5th Amendment: the right to a grand jury, protects against double jeopardy(a person cannot be subject  for the same offense more than once), self incrimination, and protects eminent domain (private  property cannot be taken for public use without just compensation)  

∙ "I plead the 5th" , witness immunity

∙ Miranda v. Arizona (1966) - suspects must be read their rights

6th Amendment: right to a speedy and public trial, and the right to have the assistance of counsel for his  defense (lawyer/attorney).  

8th Amendment: protects against excessive bail , fines, or cruel and unusual punishment

Privacy Rights 

Controversy of today is about abortion  

∙ Roe v. Wade (1973) 

9th Amendment: protects against certain rights becoming construed to deny or disparage others  retained.  

∙ Lawrence v. Texas (2003) - Gay Rights

Civil Rights 

*Different from civil liberties as civil rights citizens appealing to the government to protect them from  other citizens, or some aspects of the government itself. *

Equal Rights: the concept of "equal rights" poses complicated legal and policy questions.  Discrimination: the use of any unreasonable or unjust exclusion.  

The use of legal discrimination against blacks and women went on throughout history.  ∙ Scott v. Sanford(1857) 

1865-1877 Reconstruction – an effort to improve the post-bellum South

1. Congress passed the reconstruction Act  

2. Established the Freedom's Bureau

3. 13th,14th, & 15th Amendments  

13th Amendment – abolished slavery

14th Amendment- granted citizenship to all people born in the U.S. , including freed  slaves

15th Amendment- guaranteed voting rights for black men

End of Reconstruction- Reconstruction reverses  

After Reconstruction- full citizenship of blacks were shattered

∙ U.S. laissez-faire policy

∙ Plessy v.
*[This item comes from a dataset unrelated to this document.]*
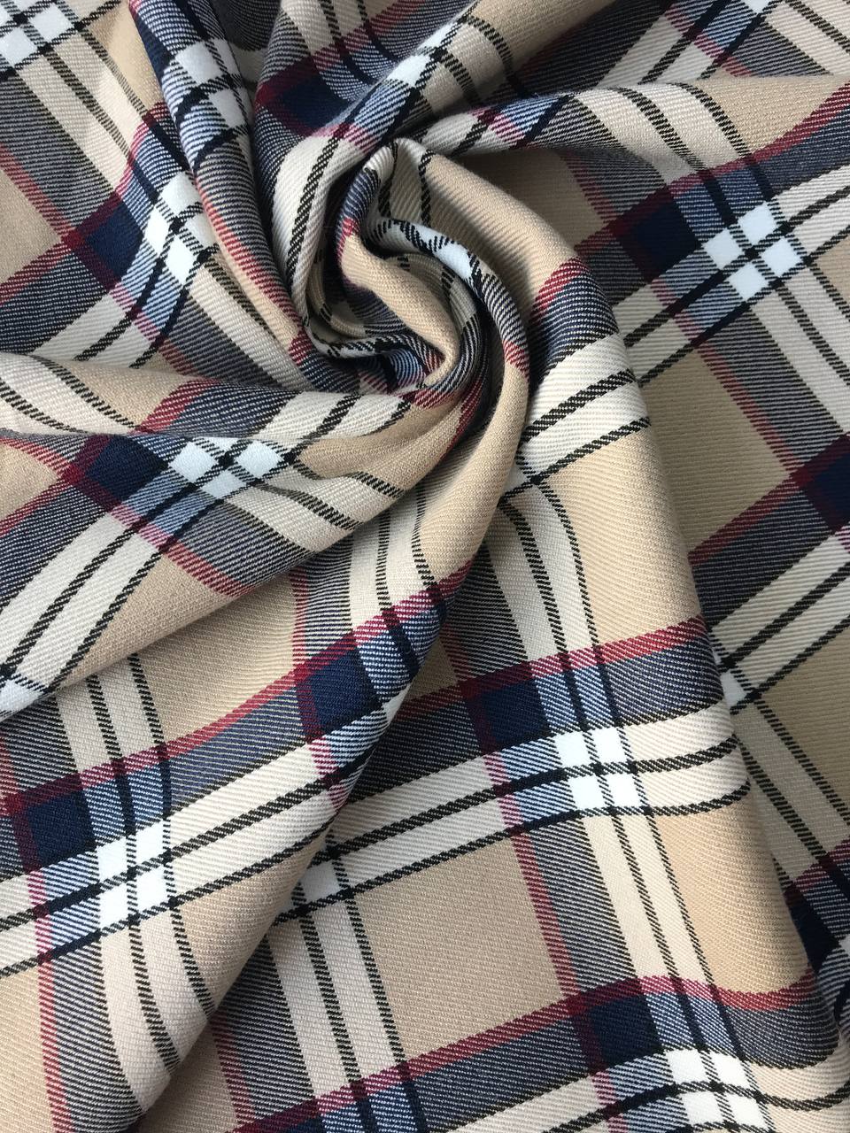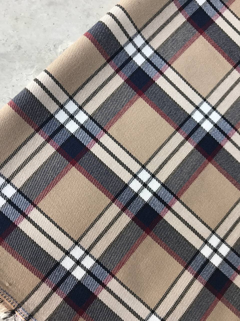 Костюмная клетка с вискозой – бежево-синяя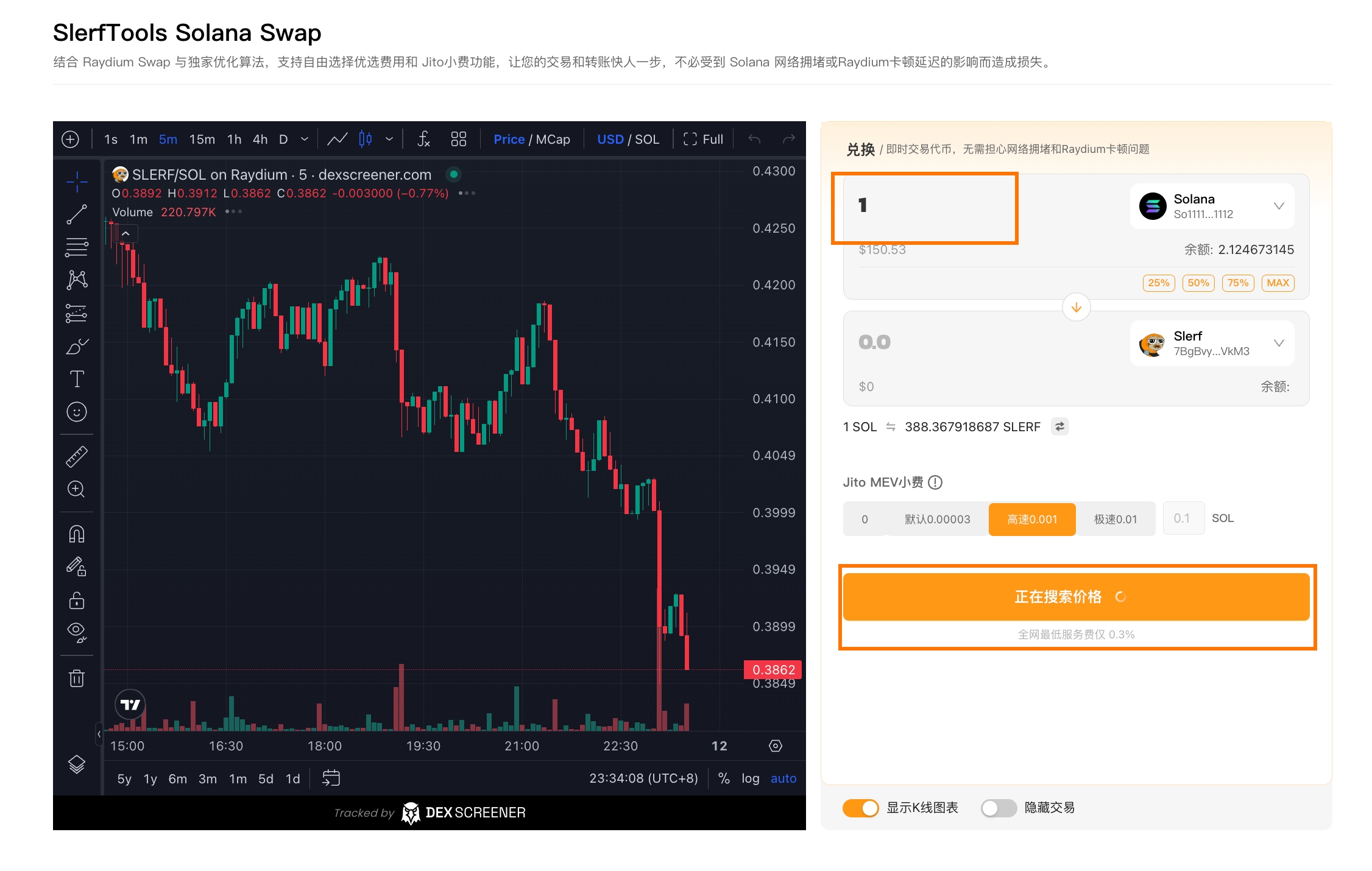 Make your transactions and transfers faster and more secure, avoiding Solana network congestion and Raydium delays. Combining Raydium Swap with exclusive optimization algorithms, it supports optimized fees and Jito tips.

Ferguson (1896) 

Jim Crow Laws were created which caused mas mob violence, murders, lynching, & second class  citizenship.

Brown v. Board of Education (1954) 

The use of separate but equal became not allowed in public education.  

De jure- means literally by law or legally enforced

De facto- means by fact , where races were still segregated even though the law didn’t require  so.  

Equality through Law 

The Civil Rights Act of 1964 – granted Hispanic Americans and farm workers migrant workers'  rights. Later on in 1924, Native Americans were granted citizenship

The Voting Rights of 1965 – allowed federal agents to oversee voter registration  

Civil Rights : Blacks and Women 

∙ Most rights were mostly limited to white males , but white women had significantly more rights  than black men and black women

∙ "Naked Rights"- white women had rights through their fathers, husbands, or trustees.  

Asian Americans 

∙ 1877- Congress declares Chinese ineligible for citizenship

∙ 1882- Chinese Exclusion Act , Japanese Internment

∙ President's Ronald Reagan and George Bush authorized reparation payments to survivors and  descendants

Disabled Americans 

∙ 1973 Rehabilitation Act – outlawed discrimination against people with disabilities ∙ Americans with Disabilities Act of 1990 – guarantees equal employment, housing, health care,  etc.